## Tesseract
Is a library from google (https://github.com/tesseract-ocr/tesseract) to perform OCR  
We will leverage the Pytesseract bindings to tesseract via spark to perform distributed OCR against document strings in a dataframe  

### First, 
We develop our algorithm locally  
The file we are using is public domain shakespeare - about 100 pages long  
For simplicities sake, we can just copy/paste this file a bunch of times to load the system. My system has only 8 logical cores, so I will only need about 8 files to complete the tutorial. Adjust as you see fit.    
In reality, input files for a process like this can vary widely from a single page to over a thousand - which the last part of this tutorial deals with (skew)

In [1]:
import pytesseract
import pdf2image
import time
import os
import re
max_dop = 8

In [24]:
# ! curl -O https://shakespeare.folger.edu/downloads/pdf/julius-caesar_PDF_FolgerShakespeare.pdf 
# TODO Adjust to max_dop  with shell magic
! seq 8 | xargs -I XY cp ./by_the_sea_poe.pdf ./copy_by_the_sea_poeXY.pdf

In [25]:
fnames = list(map(lambda x: '/'.join([os.getcwd(),x]), filter(lambda x: x.endswith('.pdf'), list(os.walk(os.getcwd()))[0][2])))

In [26]:
fnames

['/home/bsavoy/pytesseract_on_pyspark/by_the_sea_poe.pdf',
 '/home/bsavoy/pytesseract_on_pyspark/copy_by_the_sea_poe6.pdf',
 '/home/bsavoy/pytesseract_on_pyspark/copy_by_the_sea_poe7.pdf',
 '/home/bsavoy/pytesseract_on_pyspark/copy_by_the_sea_poe1.pdf',
 '/home/bsavoy/pytesseract_on_pyspark/copy_by_the_sea_poe2.pdf',
 '/home/bsavoy/pytesseract_on_pyspark/copy_by_the_sea_poe8.pdf',
 '/home/bsavoy/pytesseract_on_pyspark/copy_by_the_sea_poe4.pdf',
 '/home/bsavoy/pytesseract_on_pyspark/copy_by_the_sea_poe5.pdf',
 '/home/bsavoy/pytesseract_on_pyspark/copy_by_the_sea_poe3.pdf']

In [27]:
content = pdf2image.convert_from_bytes(open(fnames[0],'rb').read())
doc_string = ''
start = time.time()
for page in content:
    doc_string += pytesseract.image_to_string(page)
    
elapsed = time.time() - start
print('took {}s'.format(elapsed))

took 3.9696993827819824s


## Let's see how that scales on our box
And I don't see that scaling well beyond a handful of documents at a time - perhaps for an ad-hoc process
Perhaps performance will be better if we multiprocess it - pytesseract is a binding with the tesseract executable, afterall - sub-processes also sidestep interpreter lock.  
We should be able to get some benefit by forking more external processes

In [28]:
def do_ocr(fname):
    content = pdf2image.convert_from_bytes(open(fnames[0],'rb').read())
    doc_string = ''
    for page in content:
        doc_string += pytesseract.image_to_string(page)

In [34]:
# TODO convert to pandas and display over matplotlib
data

[[1, 9, 40.4643657207489],
 [2, 9, 23.20615577697754],
 [3, 9, 18.52650022506714],
 [4, 9, 21.658716678619385],
 [5, 9, 20.666146993637085],
 [6, 9, 23.207656621932983],
 [7, 9, 30.47342801094055],
 [8, 9, 287.7722792625427]]

## Take away
The benefit of parallelism drops before we even saturate even the physical core count. Welcome to suggestions, but my first guess is context switching cost since the CPU is so busy between different tesseract threads.  
Therefore, anecdotally, we have only up to 3 concurrent tesseract processes (which in reality, are using multiple cores as they run) before we start seeing a performance drop off which is less than the 4 physical cores of my CPU, let alone the 8 logical cores. Rougly 1/3 of the cores available on the box.      

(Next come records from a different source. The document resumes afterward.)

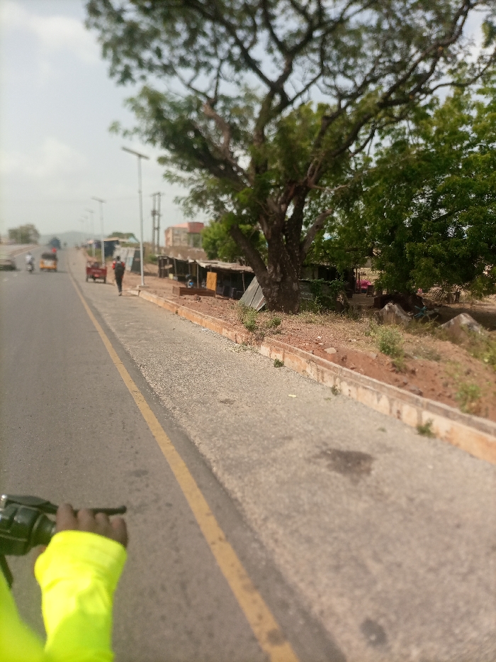 The image presents a roadside scene in Adankolo, Nigeria, viewed from a low, first-person perspective, likely from a moving vehicle. The lower-left foreground shows a left hand clad in a bright yellow sleeve, gripping a dark handlebar. A two-lane asphalt road with a solid yellow dividing line extends into the background, sloping gently upward. To the right of the road, a concrete curb separates the asphalt from a gravel shoulder. Beyond the shoulder, a series of at least six makeshift commercial stalls, constructed from corrugated metal, wood, and various tarpaulins, line the roadside. Several large, leafy trees partially obscure these structures. A single individual, dressed in dark clothing and carrying a backpack, walks away from the viewer on the dirt shoulder. Further along the road, vehicular traffic includes a yellow auto-rickshaw and two motorcycles. Streetlights with solar panels are visible along the road's edge. The background features indistinct buildings and a hazy sky above a distant incline.
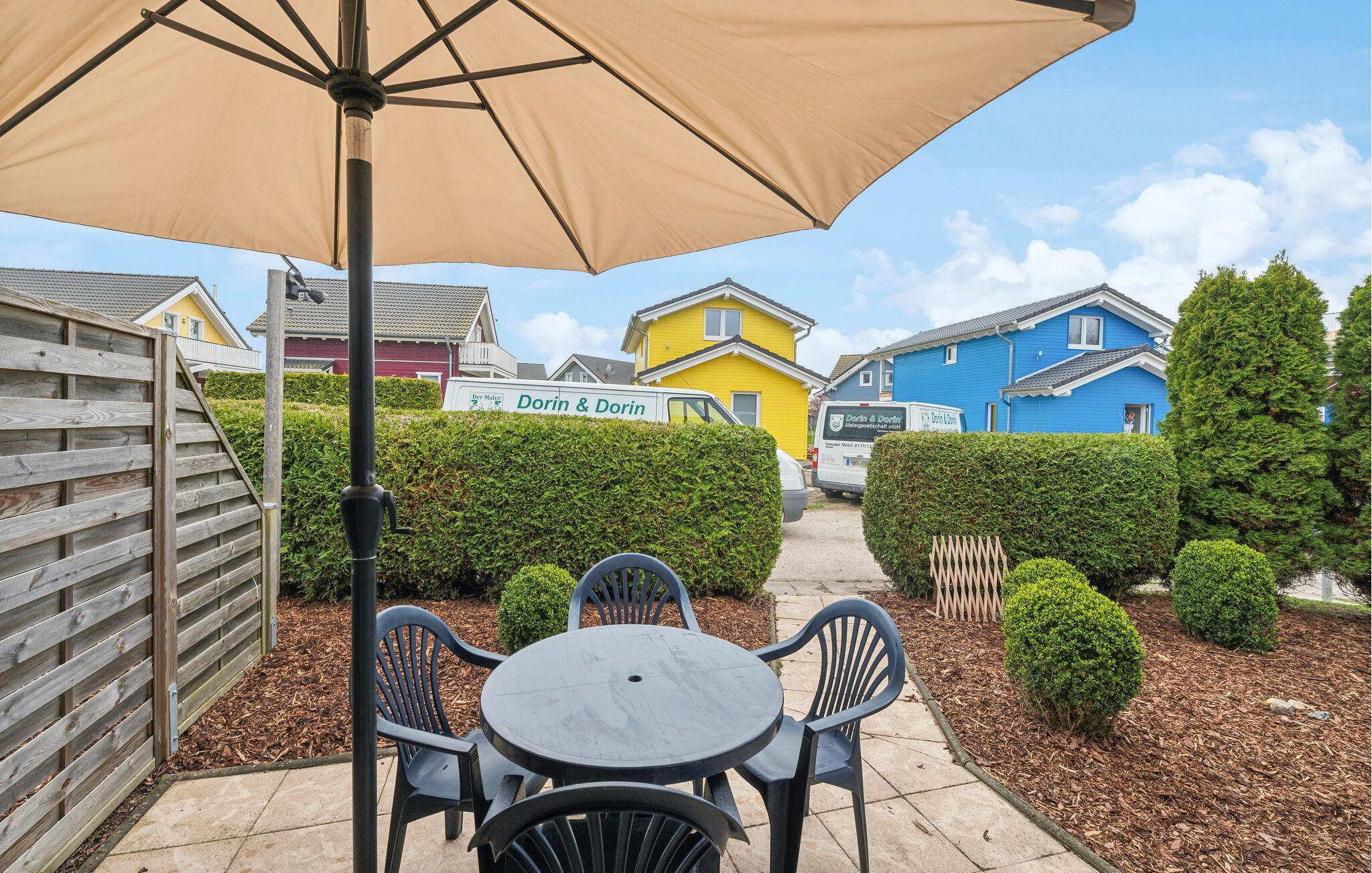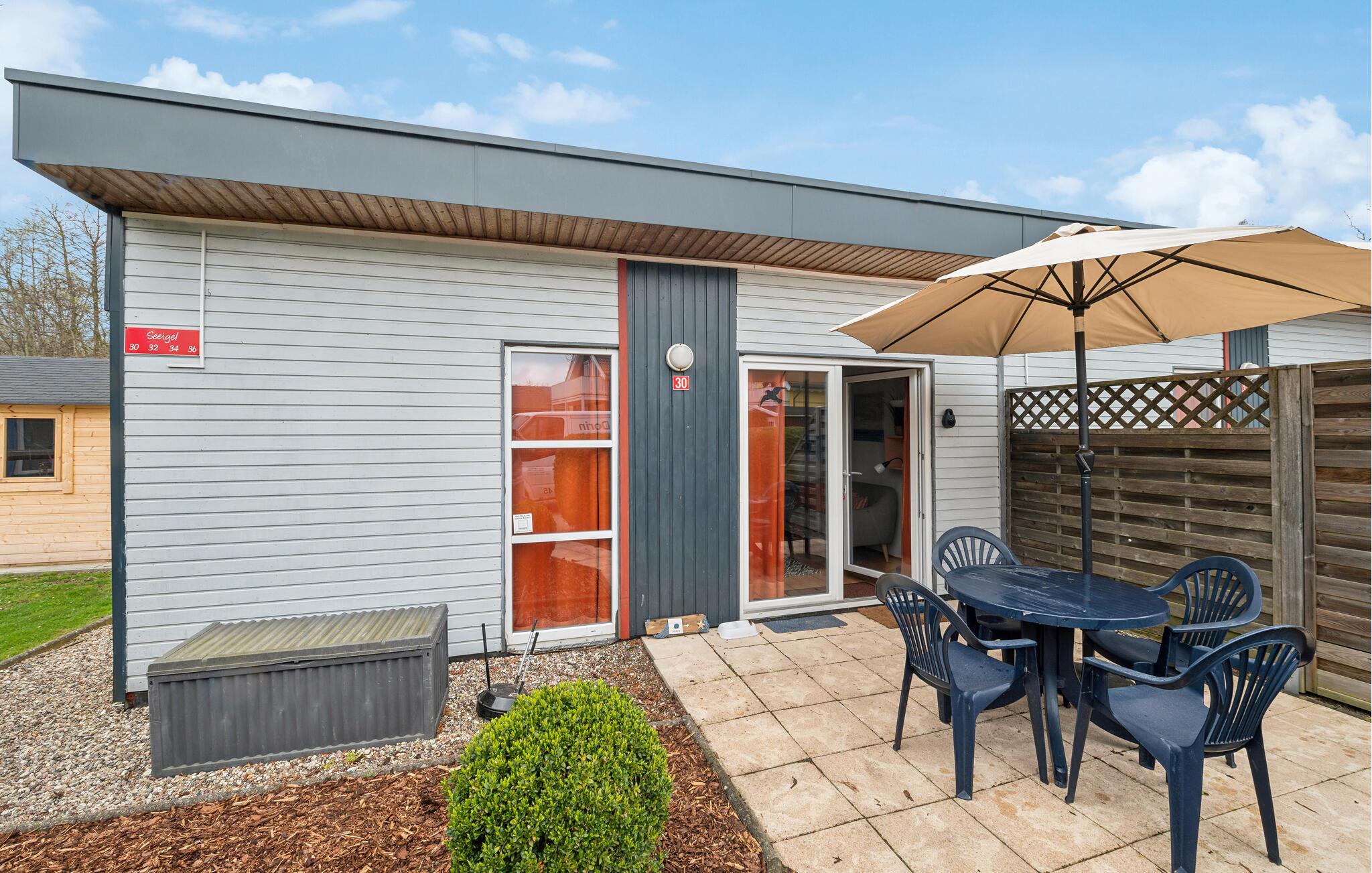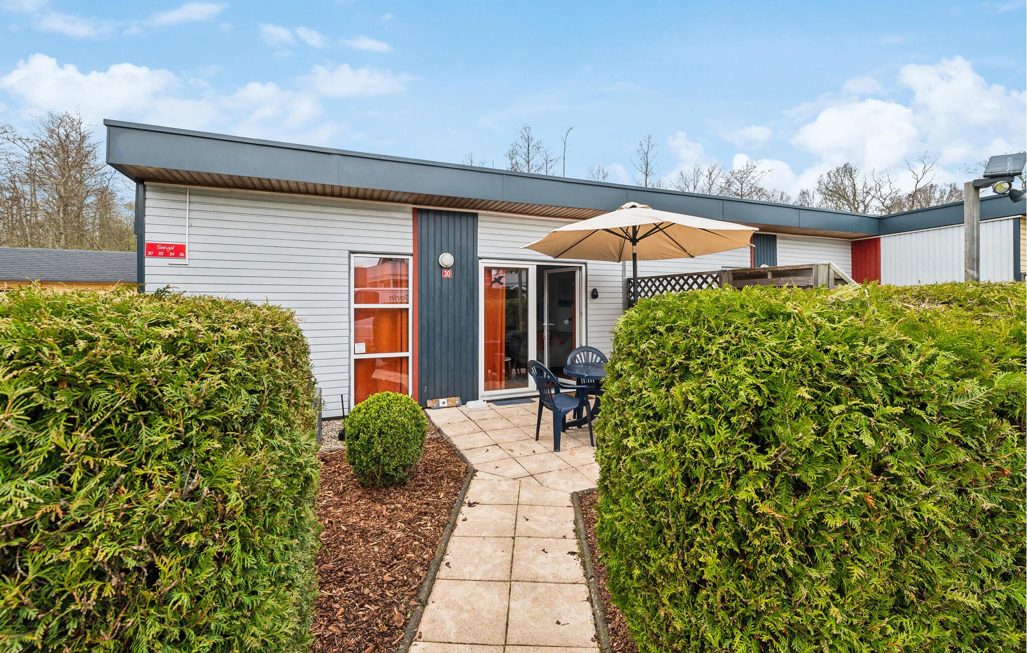 Dette hyggelige hus ligger i ferieparken Süssauer Strand., og her kan I tilbringe en afslappende ferie og endda kombinere den med dit arbejde.
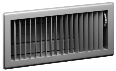 The Ameriflow Register 410 Series Floor Diffuser features all steel construction with heavy gauge, individually welded diffusion vanes. This sturdy floor diffuser is suitable for high traffic areas. A foot-operated dial control makes adjusting the airflow direction easy with multi-angle fin settings. Available in brown or white enamel finish.
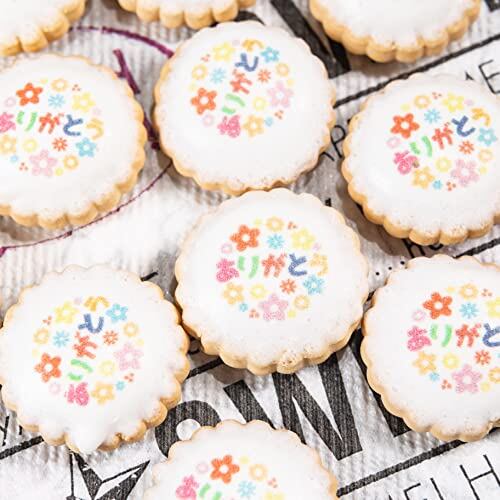 花型のプチクッキーのアイシング部分にデザインプリントしてつくったお菓子。
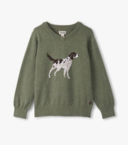 Olive green knitted sweater with a dog graphic. Perfect fall sweater to add some fun to your little ones wardrobe.

This is a small file - with only 2 pages. In other applications, you will could run into files of varying length. A 100 page sample here takes approximately 1000s  - which we can use to project that even for 50 documents on our box, with a parallelism of 3, we could take up to 50,000/3 or 16,667 seconds or 277 minutes. Even leveraging a larger box, with 96 cores, we can only use roughtly 1/3 of the available cores we would still end up with a 32nd degree of parallelism, roughly 1500s for a run or about 26 minutes. Hardly adequate for streaming or any other time sensitive work loads.  

If we're dividng the work by document, the best, on average performance we could get for a run would be about 1000s (foreshadowing the last example).

We also have a major disadvantage that this solution MUST run on single node.  
We could split the workload across a number of hosts but this has orchestration and scheduling headaches    
Also, what if you wanted to coherently deal with this data in a dataframe API after extracting the text?  
Spark helps with these problems  
* Spark can handle arbitrarily large datasets by natively splitting data across a cluster   
* Spark can apply transformations in a distributed fashion and return a single coherent dataset back from our transformations  
* The workload can scale to N number of nodes - we tune executors for the individual hosts we plan to have in the cluster and let spark loose to schedule the work

In [32]:
from multiprocessing import Pool
data = []
# In my VM, I only have 8 cpu cores to work with (really 4 physical and 8 logical) available on my host
for dop in range(1,9):
    with Pool(dop) as p:
        start = time.time()
        p.map(do_ocr, fnames)
        elapsed = time.time() - start
        print('dop={} files={} seconds={}'.format(dop,len(fnames),elapsed))
        data.append([dop,len(fnames),elapsed])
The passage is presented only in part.